Thanks, Poochie. Dr. Kotlikoff pretty well makes the case that society has been split by lawmakers choosing winners and losers. The winners were those with sufficient financial resources who could accumulate investing gains tax-free (Roth IRAs) by being able to put away after-tax dollars. The losers? Those who could not muster the resources.

At the same time, by taxing business - and burying the cost of same in higher prices - the politicians get additional hidden taxes from all of us.

Finally, by grafting paycheck withholding (held at -0- interest), those at the bottom are hurt more than those who can live off of "dividend rate" income. That's because those at the bottom resort to "credit card" deficit fillers and so end up paying a monthly bounty to the bankers - yet an additional hidden tax.

FairTax removes all of these distortions, eliminates winners and losers, gets the Man's hands off our paychecks, pays for government the way American wage-earners are paid, when/because something is sold, and subordinates government tax payments to the meeting of personal and family consumption above basic sustenance levels. In the process of all of the foregoing, it eliminates wasteful tax-code gaming, 35,000 lobbyists, and prospective employment for politicians after they've left the national Legislature.

What could be better?

Poochie Williamson said...

What could be better?

A system where the lower 50% of wage earners pay something more than 3% of the federal tax.
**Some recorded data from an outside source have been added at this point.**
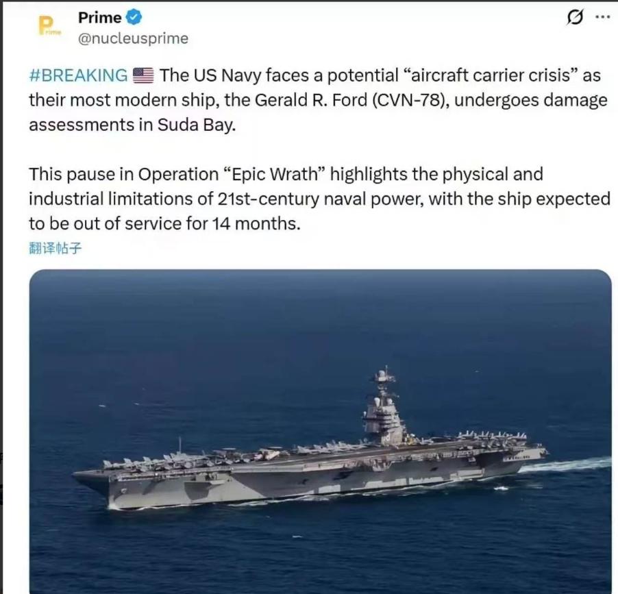 特朗普希望破灭了,但是福特号航母上4500名美军士兵却彻底安全了,据最新消息,已经抵达希腊港口的福特号航母需要进行14个月的维修才能重新服役部署!3月23日,福特号航母缓缓驶入希腊苏达湾海军基地。 说起来这事挺有意思,这艘号称全球最贵、最先进的核动力航母,造价130亿美元,顶得上一个小国全年GDP,结果却栽在了一场洗衣房大火上。 3月12日那场火可真不含糊,足足烧了30多个小时,浓烟把200多名水兵呛得够呛,还有3人直接受伤,船上好多舱室和床位都成了黑炭。 美军一开始还嘴硬说推进系统没受损,航母能正常运作,结果没撑几天就灰溜溜开到希腊修船,这脸打得可真响。 更让美军头疼的是,这14个月可不是随便说说的,美国军事专家早就戳破了真相。福特号从去年6月就出来晃悠,到现在快10个月了,远超6个月的标准部署周期,各种毛病早就攒了一箩筐。 就说那650个厕所,几乎天天堵,水兵上趟厕所得排45分钟队,近九成厕所都瘫痪了,这哪是海上霸主,简直是海上公共厕所维修站。 还有那套吹得神乎其神的电磁弹射器和阻拦装置,动不动就罢工,飞行员每次起飞都得捏把汗,生怕被这高科技坑了。 这14个月的维修期意味着什么?意味着特朗普想用福特号在中东搞事的算盘彻底落空了。 本来他还指望这艘航母在伊朗问题上秀肌肉,给以色列撑腰,结果现在倒好,航母直接趴窝,美军在中东的威慑力瞬间减半。 更搞笑的是,美军原本计划让福特号和林肯号在中东搞双航母编队,现在一个要大修,另一个也独木难支,这全球部署的牛皮可算吹破了。 不过话说回来,对船上那4500名美军来说,这14个月的维修期简直是天降福音。想想看,天天在海上漂着,厕所堵得没法用,洗衣房烧得没法洗衣服,电磁弹射器说不定哪天就出幺蛾子,这种日子谁受得了?现在好了,终于能上岸歇歇,不用再提心吊胆,也不用跟那些老出故障的设备较劲了。 虽然美军说靠岸后不让水兵下船,要搞什么隔离审查,但总比在海上担惊受怕强吧。 有人算了笔账,福特号这次部署10个月,维修就要14个月,这哪是战斗舰艇,分明是个需要长期疗养的病号。 以前美军航母都是六个月部署六个月维护,战斗和休整一比一,现在倒好,修的时间比用的还长,这效率也是没谁了。难怪有网友调侃,美军这哪是全球部署,简直是全球“养病”,这14个月够中国造半艘航母了。 最打脸的是,这艘航母当初吹得有多狠,现在就有多狼狈。什么划时代技术、无人能敌的战斗力,结果连个洗衣房都管不好,一场大火就暴露了所有短板。这也给各国提了个醒,武器装备不是越贵越好,实用性才是王道,不然再先进的东西,也不过是个中看不中用的绣花枕头。 现在福特号就静静停在希腊港口,等着被拖回美国本土大修。这14个月里,中东局势还不知道会怎么变,等它修好了,说不定早就不是它熟悉的那个战场了。
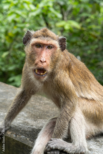 © littlestocker, Obraz premium Monkey sitting on the wall with nature background
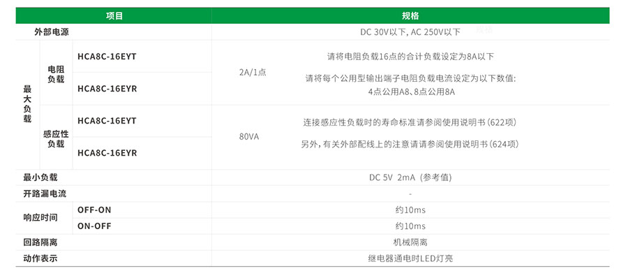 继电器输出规格:
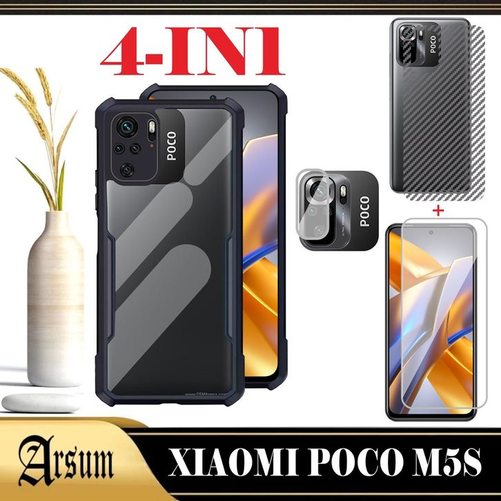 PAKET 4IN1 CASING TRANSPARAN XIAOMI POCO M5S 2022 ,X5 PRO 5G ,M5 2022 ,X5 5G 2023 NOTE 12 5G 2022 CASE COVER

A system where the wealthiest 1% of wage earners actually pay their fair share of the federal tax burden.

A system that ensures that when a man receives $1 million in a year, he pays taxes on the whole $1 million, not on just the relatively small portion he spends on food, housing and luxuries.

A system where an individual is not punished for sacrificing some of his current pleasures for savings by having that savings taxed twice.

A system that does not pretend to be able to predict its impact on prices--that is not based on the assumption that businessmen whose taxes are reduced will immediately pass all of that savings on to his customers.

A system that is not riddled with rebates, exemptions, deductions, credits, and arbritrary decisions on how much an individual should spend on necessitites, all decided by rich bureaucrats.

A system that is simple, has few parameters, and is therefore both transparent and tinker-proof.

A system that recognizes that the purpose of tax should be to fund the operation of the government, NOT to influence personal behavior, whether it be smoking, drinking, fuel consumption, or personal financial choices.

The "Fair Tax" addresses the first of those characteristics. And it recognizises the fact that a tax on business is not paid by the business. But nothing I have read convinces me it embraces the others.

I'm closing the comments on this one--it's time to move on.